Alfred Norman

Personal information
- Full name: Alfred David Norman
- Born: 5 March 1885 Christchurch, New Zealand
- Died: 30 January 1963 (aged 77) Christchurch, New Zealand
- Batting: Left-handed

Domestic team information
- 1907/08–1912/13: Canterbury

Career statistics
| Competition | First-class |
| Matches | 9 |
| Runs scored | 352 |
| Batting average | 22.00 |
| 100s/50s | 0/1 |
| Top score | 68 |
| Catches/stumpings | 0/0 |
- Source: Cricinfo, 28 January 2020

= Alfred Norman (cricketer) =

New Zealand cricketer

Alfred David Norman (5 March 1885 – 30 January 1963) was a New Zealand cricketer who played first-class cricket for Canterbury from 1908 to 1912.

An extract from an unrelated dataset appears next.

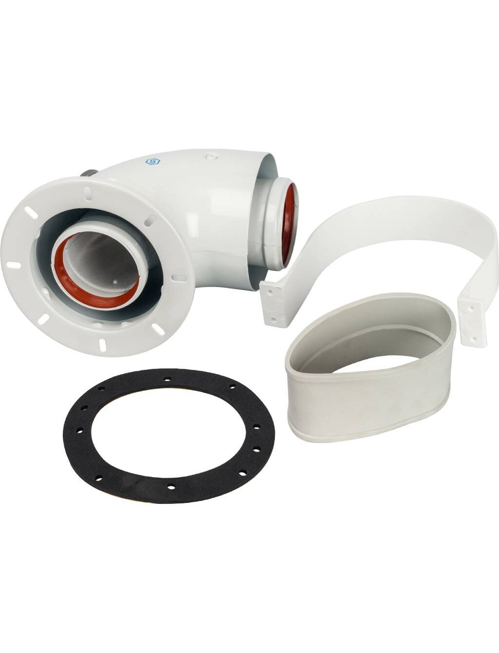 STOUT Элемент дымохода DN60/100 адаптер для котла угловой 90° коаксиальный (совместимый с Bosch, Buderus)(с логотипом)
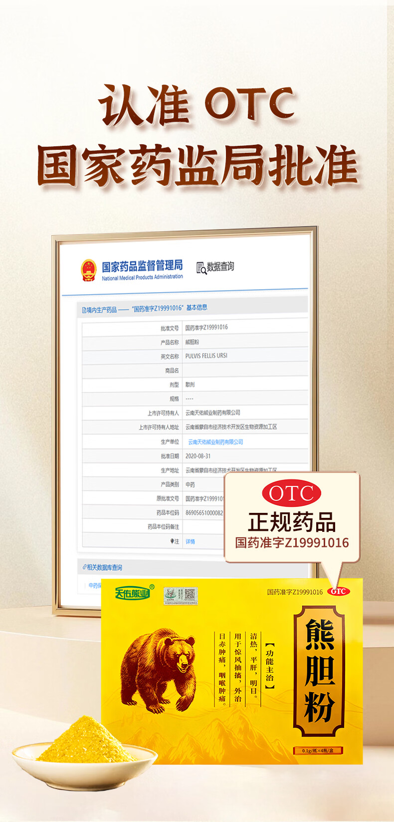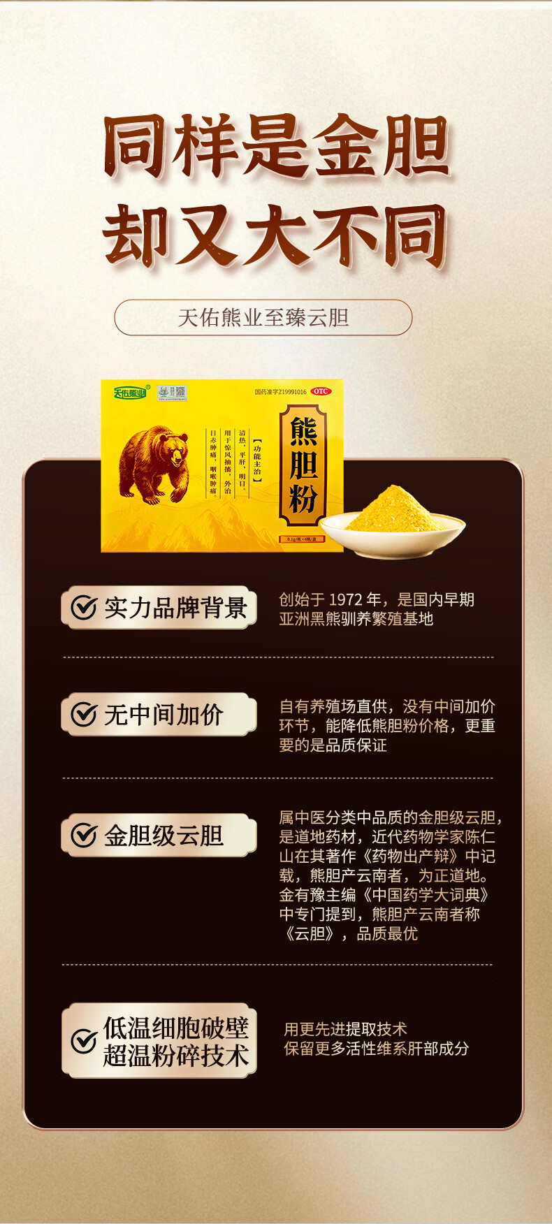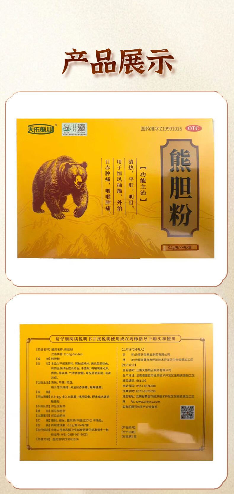 [天佑熊业]熊胆粉 0.1g*4瓶 5盒装 正品国药准字OTC0.1g*4瓶/盒清热平肝明目药正宗云南产金胆级用于目赤肿痛咽 特惠装 共20瓶

Alf Norman was a left-handed opening batsman, described during his career as "a cool, reliable bat at all times". He made his highest first-class score of 68, the highest score of the match, when Canterbury beat Wellington by 322 runs in 1910–11. He was also the leading batsman in Christchurch senior club cricket that season, with 651 runs at an average of 65.10.

Norman married Margaret Logan in the Christchurch suburb of Sydenham in July 1911. They had four children; their daughter Mavis played cricket for Canterbury in the 1930s. He died in Christchurch on 30 January 1963.